Wednesday 21 August 2013

Nee-naw, baaa, gwdihw

In Stephen Knight’s poem ‘Happly Ever After’ (in his collection of The Prince of Wails) there are neenors and a tooker tooker. He glosses these – fire engines, helicopter – but he really he doesn’t need to: most English readers will know what these things are from the sounds the words make and their context. Not that the sound of a fire engine is actually anything like neenor, or nee-naw, however you want to spell it. But it may have been in the past, and somehow that’s the word we use for it.

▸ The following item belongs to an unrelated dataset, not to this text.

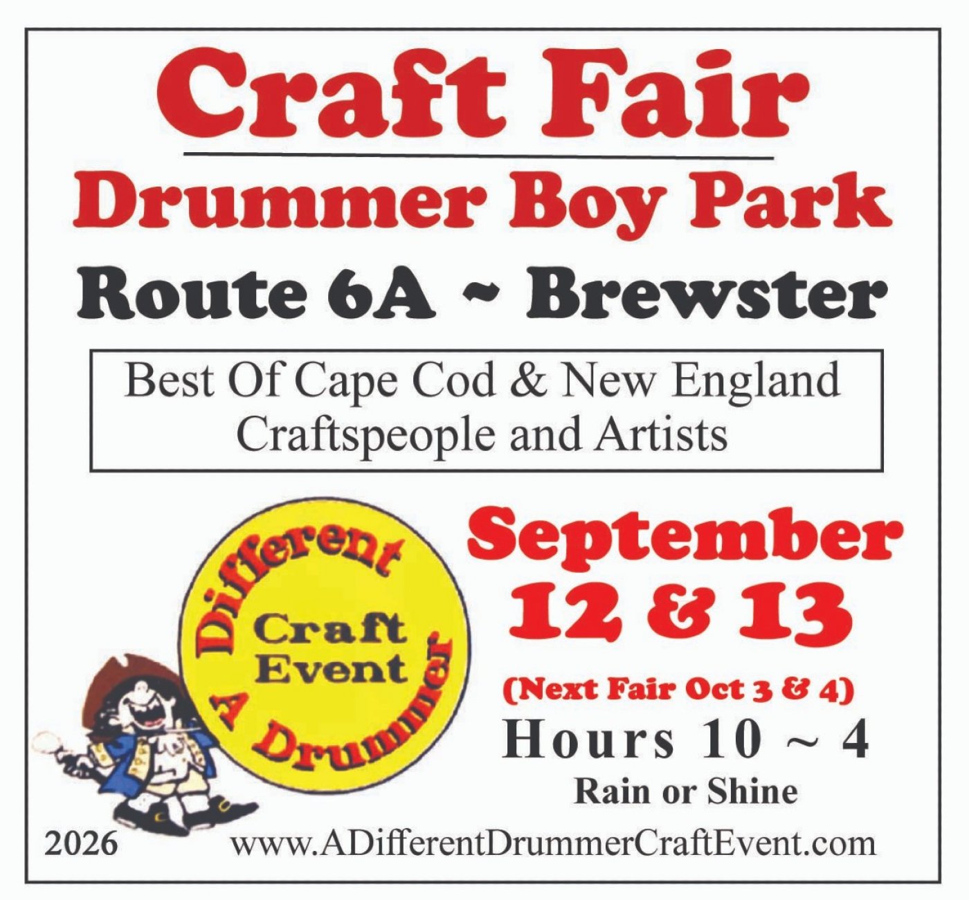 The craft fair is Saturday and Sunday, September 12 and 13 at Drummer Boy Park, 773 Old Kings Highway on Route 6A in Brewster. Hours 10 to 4, rain or shine, A Different Drummer Craft Fair will be there.
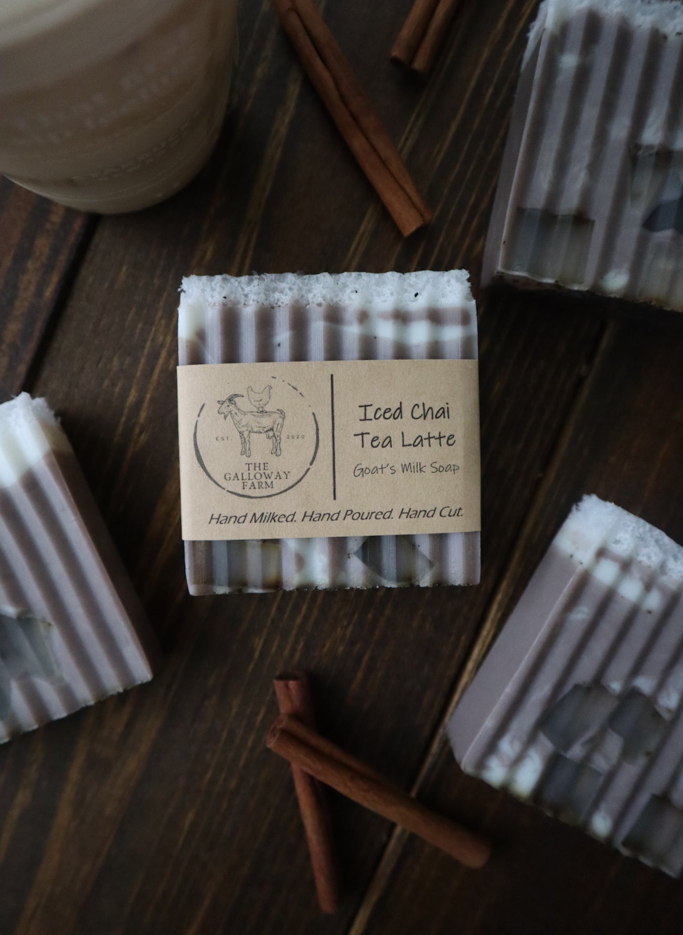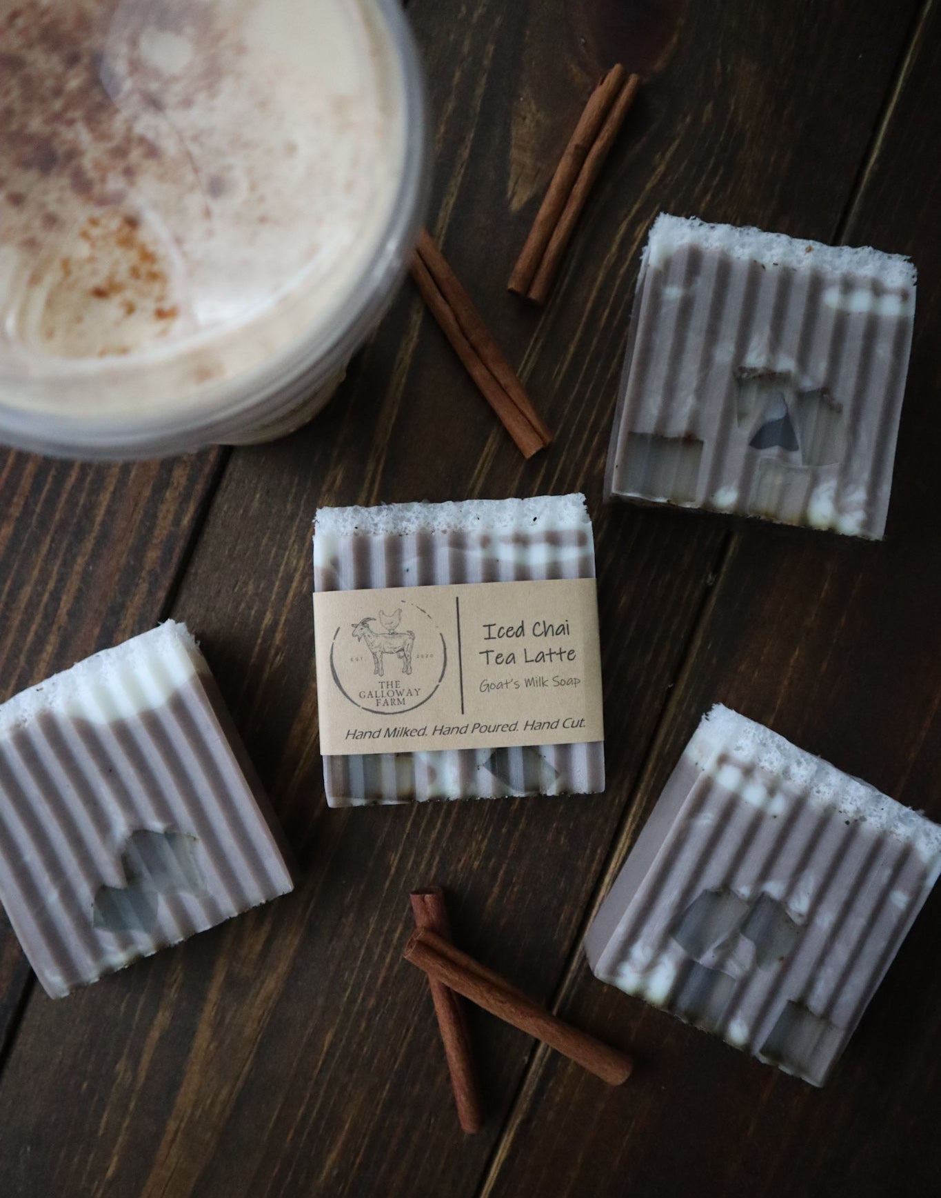 Ingredients: Galloway Farm goat's milk; coconut, palm, and safflower oils; distilled water; essential oil; mica powder; sodium hydroxide; chai tea packet contents (black tea, natural chai, cinnamon, ginger, cardamom, clove)

We have words too for the sounds animals make. Cats miaow (‘also meow’, according to the Oxford Dictionary for Writers and Editors), dogs woof, cows moo, sheep baa, pigs oink, owls towhit-towhoo. At least, English ones do. I asked some translator colleagues about these words and it turns out, as I’d suspected, that they’re far from universal. In Poland, I’m told, dogs hau, sheep mee and pigs hrum. For a Welsh owl, the word is gwdihw. The American poet Jonathan Williams (1929–2008) has a poem entitled ‘A Chorale of Cherokee Night Music as Heard through an Open Window in Summer Long Ago’ that is made up entirely of animal, bird and insect sounds. The first four of its fourteen lines (a sonnet, of sorts) consist of the words wahuhu, uguku, huhu and lalu, each word repeated to the end of the line and cut off according to the measure of the justified setting. These lines represent screech owl, hoot owl, yellow-breasted chat and jar-fly; subsequent lines offer a cricket, Carolina chickadee, katydid, crow, wolf, beetle, turkey, goose, bullfrog and spring frog.

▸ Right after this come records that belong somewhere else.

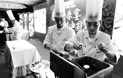 昨天,全聚德厨师在中国全聚德集团王府井店,展示了在参加荷兰鹿特丹举行的第八届中国烹饪世界大赛中,荣获大赛团体奖和四项个人奖的菜品制作。时近年末,全聚德集团所属34家直营门店,将于11月22日起,全面启动2017年年夜饭、新春宴的预售工作,这也是老字号餐饮品牌从赛场走向市场,把作品转化成产品的又一举措。本报记者 周世杰 摄影报道
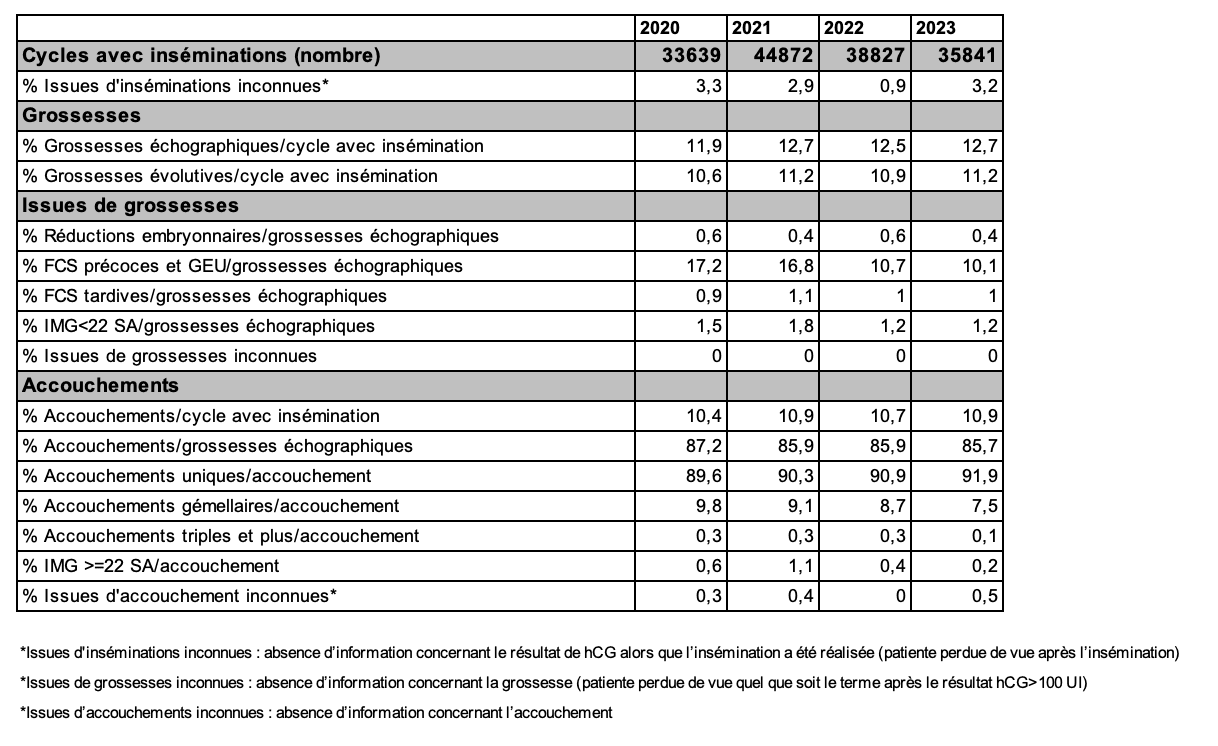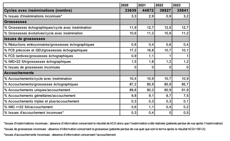 Tableau AMP9. Insémination intra-utérine avec les spermatozoïdes du conjoint : grossesses, issues de grossesses et accouchements de 2020 à 2023
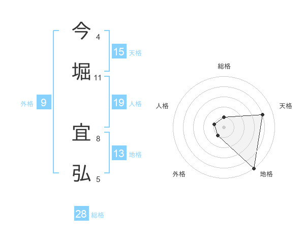 今堀 宜弘さんを姓名の画数から五運を鑑定

The chorale I hear as I sit at my desk includes the noise of a wasp beating against the window and the several different sounds of aeroplanes flying over, heading into to Heathrow; against these, intermittently, the click of my computer mouse, the ping of an email arriving in the inbox, footsteps on the stairs, the satisfied chirp of my mobile phone when it’s finished charging, the noise of my crumpling paper and the other noise as that crumpled paper lands on others in the waste bin. Most of these sounds are so familiar I barely hear them, let alone feel a need to spell or say them, but some time ago a noise so unfamiliar added itself into the mix that I became convinced there was a deathwatch beetle in the party wall. I knocked on my neighbour’s door to ask if she, too, had heard this sound. It’s like thu, thu, thu, I said, and there’s a pause and then the thu’s again. No, she hadn’t heard it, but we went upstairs and saw that on the party wall her son had hung a darts board.

Sometimes only the sound itself will do, not a description of the sound, but onomatopoeia can only reach so far – not least, of course, because, cats and pigs (and police-car sirens too, and paper being crumpled) have different vocal cords. It’s possible that if you put an infant – a human with all its options still open, before its vocal cords have shut down to no more than the range required by the culture in which it is raised – in a room with a cat for several weeks, it would learn to imitate the cat’s sound exactly; but don’t try this at home, and anyway it doesn’t solve the problem of writing that sound down on the page. In a poem in which I dearly wanted a particular sound I ended up with ‘the continuous wavering shhhhh / of traffic on the motorway / across two fields’ – far from the thing itself, just a nod towards it.

Better words for the noise made by police-car or ambulance sirens?